§ PROMPT: With any pictures left out, restate word for word the lines in the listing below from the one holding "Kumekuwa na maswali" through the last.

§ SOURCE MATERIAL:
════════════════════

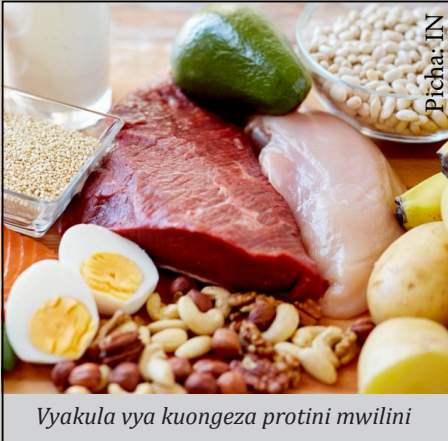
Vyakula vya kuongeza protini mwilini

Kumekuwa na maswali mengi kuhusu lishe hasa kutokana na janga la COVID-19. Maswali kama, je, tunapaswa kula nini kujenga na kudumisha mfumo wetu wa kinga ya mwili?
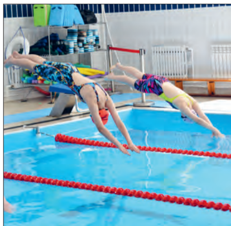
■ Заплыв девушек на дистанции 100 м комплексным плаванием

════════════════════

§ RESULT BELOW:
Kumekuwa na maswali mengi kuhusu lishe hasa kutokana na janga la COVID-19. Maswali kama, je, tunapaswa kula nini kujenga na kudumisha mfumo wetu wa kinga ya mwili?
■ Заплыв девушек на дистанции 100 м комплексным плаванием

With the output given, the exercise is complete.